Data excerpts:

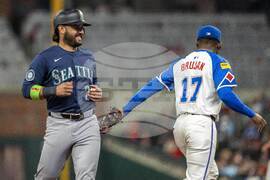 Atlanta Braves third base Vidal Bruján (17) tags Seattle Mariners third base Eugenio Suárez (28) out during the eighth inning of a baseball game Sept. 6, 2025, in Atlanta. (AP Photo/Erik Rank)
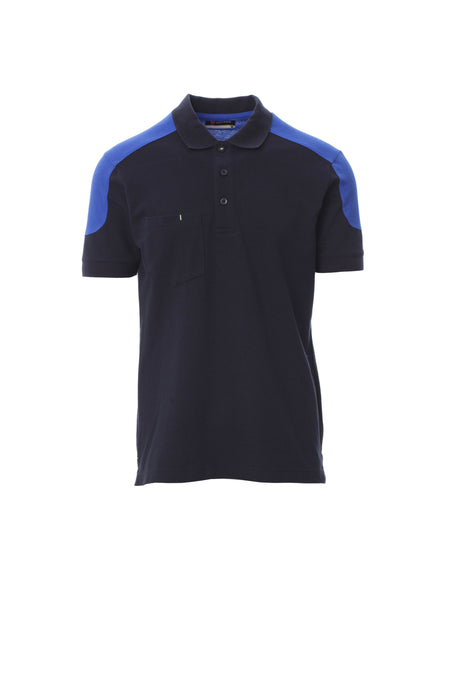 Zweifarbiges Polo-Shirt, kurzärmelig, 3 Knöpfe Ton-in-Ton, Brusttasche mit Stifthalter, Ärmelrand aus Feinripp, Seitenschlitze, Nackenband.
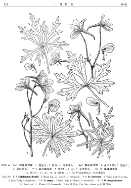 5. Basal leafꎻ 6. Staminode. 7-9. D. majus 7. Basal leafꎻ 8. Flowerꎻ 9. Staminode. 10-12. D. nangchienense
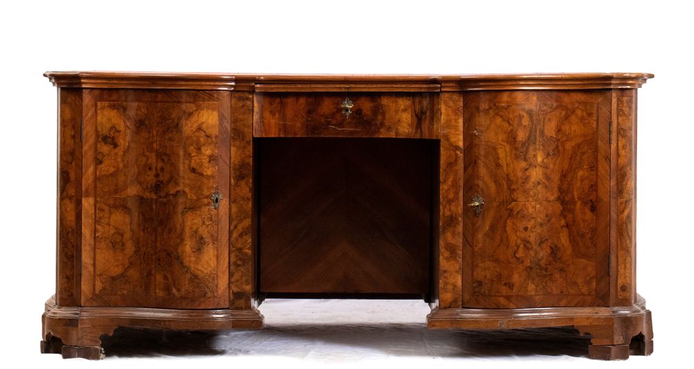 di linea mossa interamente lastronata in radica di noce, piano in pelle con tiretto estraibile centrale.
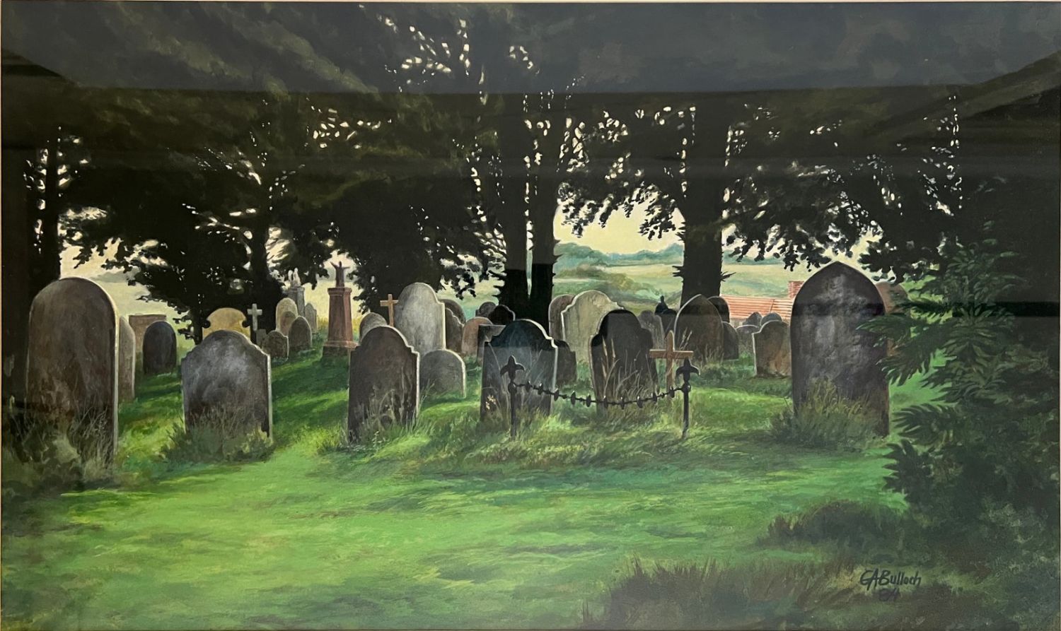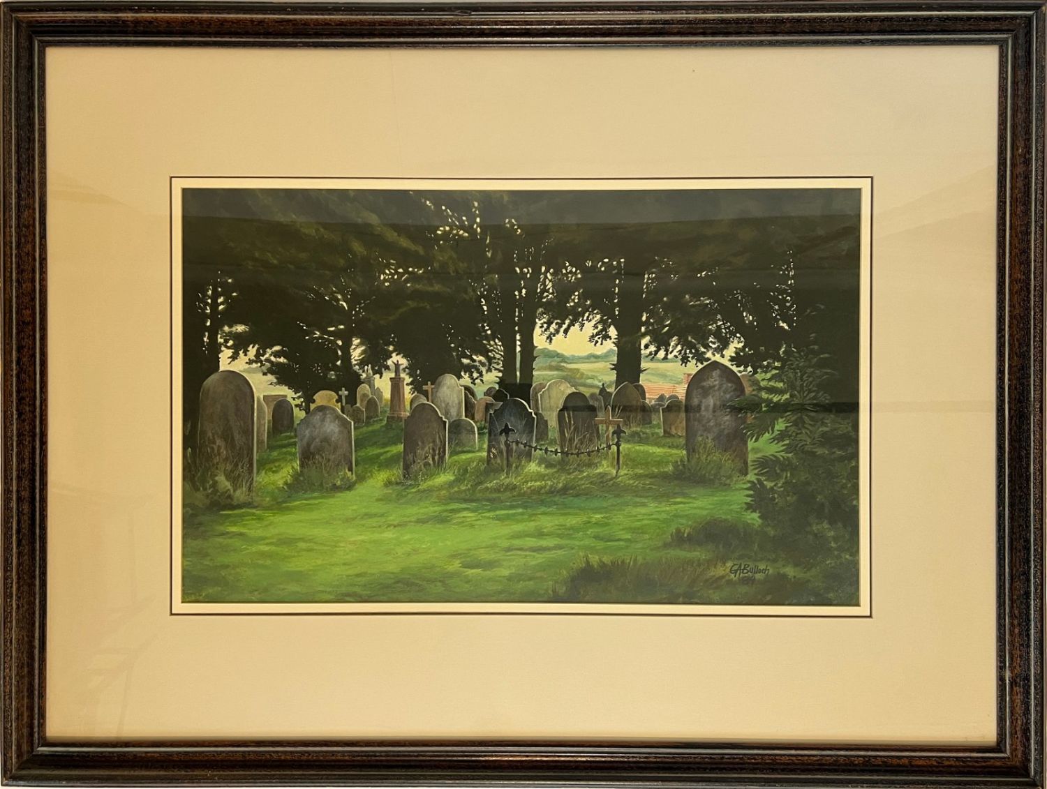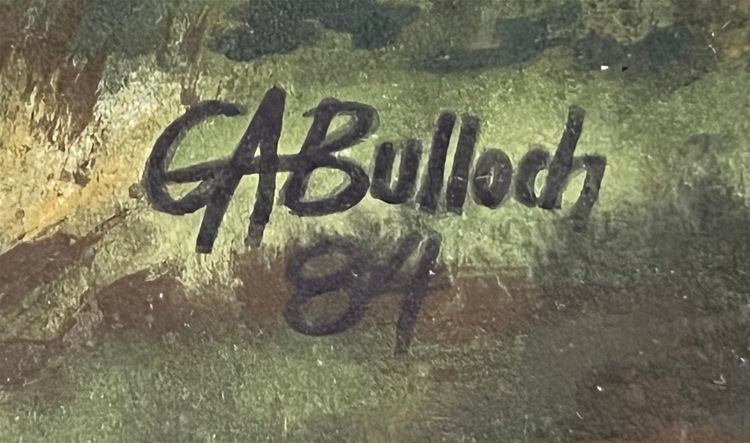 Bulloch, Gordon A (1923-2016) "Wales Forever", 1984 watercolor, signed in lower right, good condition, image size: 14.25 x 24.25 inches. Recruited to Boeing in 1951, he began his 35 year career there where he was an illustrator. While raising their children in Kansas, Gordon and Barbara enjoyed various family trips, always including photo opportunities that could be insprations for paintings.
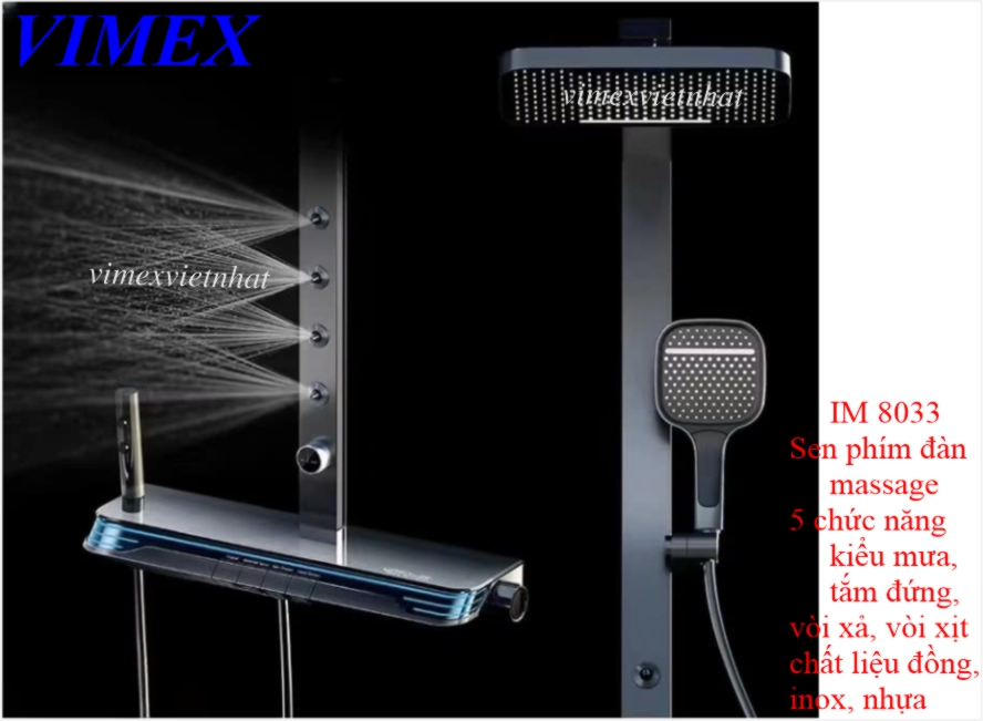 Sen phím đàn massage 5 chức năng: kiểu mưa, tắm đứng, vòi xả, vòi xịt

What the task requires:
Write out each entry exactly; any pictures stay out of the copy.

Written solution:
 Atlanta Braves third base Vidal Bruján (17) tags Seattle Mariners third base Eugenio Suárez (28) out during the eighth inning of a baseball game Sept. 6, 2025, in Atlanta. (AP Photo/Erik Rank)
 Zweifarbiges Polo-Shirt, kurzärmelig, 3 Knöpfe Ton-in-Ton, Brusttasche mit Stifthalter, Ärmelrand aus Feinripp, Seitenschlitze, Nackenband.
 5. Basal leafꎻ 6. Staminode. 7-9. D. majus 7. Basal leafꎻ 8. Flowerꎻ 9. Staminode. 10-12. D. nangchienense
 di linea mossa interamente lastronata in radica di noce, piano in pelle con tiretto estraibile centrale.
 Bulloch, Gordon A (1923-2016) "Wales Forever", 1984 watercolor, signed in lower right, good condition, image size: 14.25 x 24.25 inches. Recruited to Boeing in 1951, he began his 35 year career there where he was an illustrator. While raising their children in Kansas, Gordon and Barbara enjoyed various family trips, always including photo opportunities that could be insprations for paintings.
 Sen phím đàn massage 5 chức năng: kiểu mưa, tắm đứng, vòi xả, vòi xịt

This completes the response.